(Problem to work on)
Any picture in the range stays out of the copy; retype exactly the lines from the one with "The new Welcome" to the end of the listing.

(Input data)
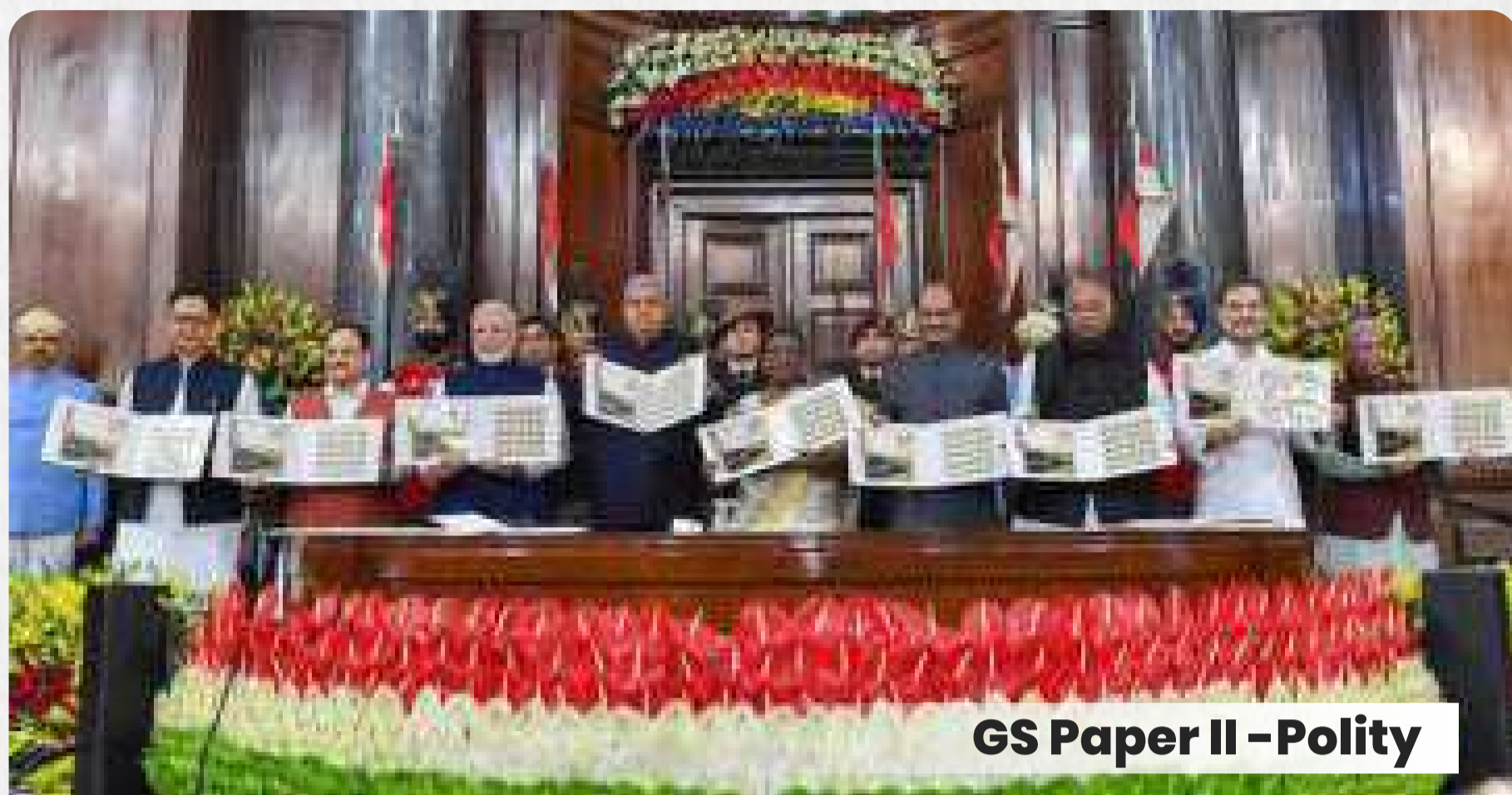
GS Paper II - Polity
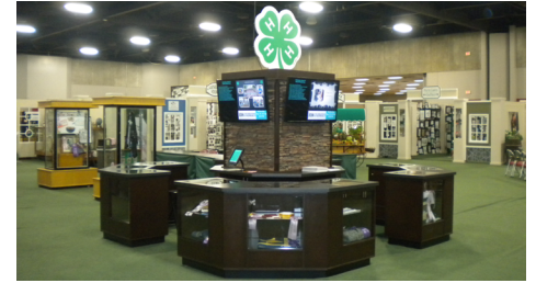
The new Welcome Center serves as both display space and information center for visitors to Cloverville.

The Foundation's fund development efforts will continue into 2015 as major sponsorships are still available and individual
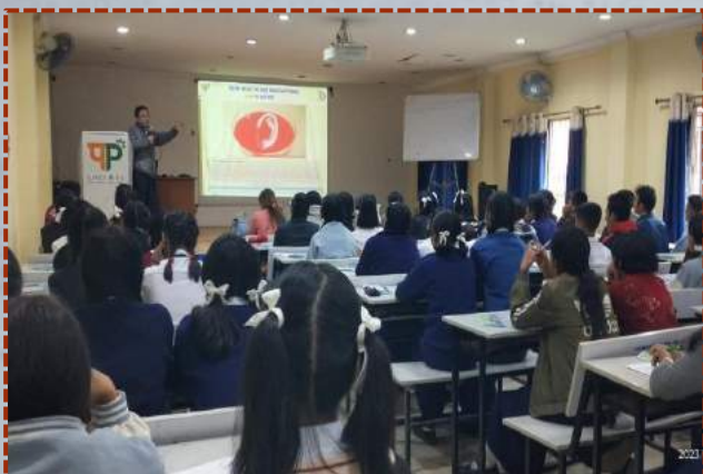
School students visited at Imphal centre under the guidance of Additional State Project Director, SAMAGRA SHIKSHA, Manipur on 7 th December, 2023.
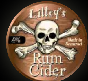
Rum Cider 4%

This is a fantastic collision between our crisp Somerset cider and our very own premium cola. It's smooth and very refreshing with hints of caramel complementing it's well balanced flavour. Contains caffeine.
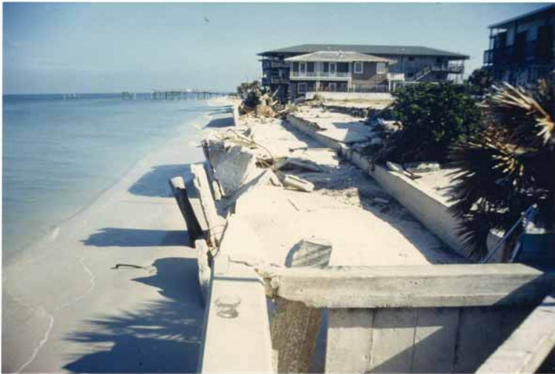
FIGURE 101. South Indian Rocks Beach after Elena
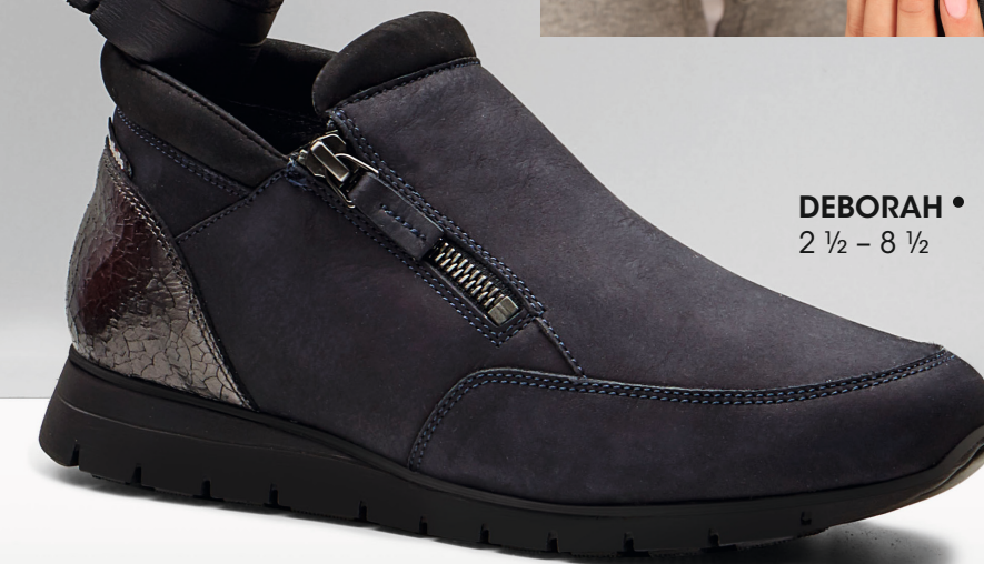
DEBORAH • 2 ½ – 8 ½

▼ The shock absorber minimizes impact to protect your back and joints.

(Task output)
The new Welcome Center serves as both display space and information center for visitors to Cloverville.

The Foundation's fund development efforts will continue into 2015 as major sponsorships are still available and individual
School students visited at Imphal centre under the guidance of Additional State Project Director, SAMAGRA SHIKSHA, Manipur on 7 th December, 2023.
Rum Cider 4%

This is a fantastic collision between our crisp Somerset cider and our very own premium cola. It's smooth and very refreshing with hints of caramel complementing it's well balanced flavour. Contains caffeine.
FIGURE 101. South Indian Rocks Beach after Elena
DEBORAH • 2 ½ – 8 ½

▼ The shock absorber minimizes impact to protect your back and joints.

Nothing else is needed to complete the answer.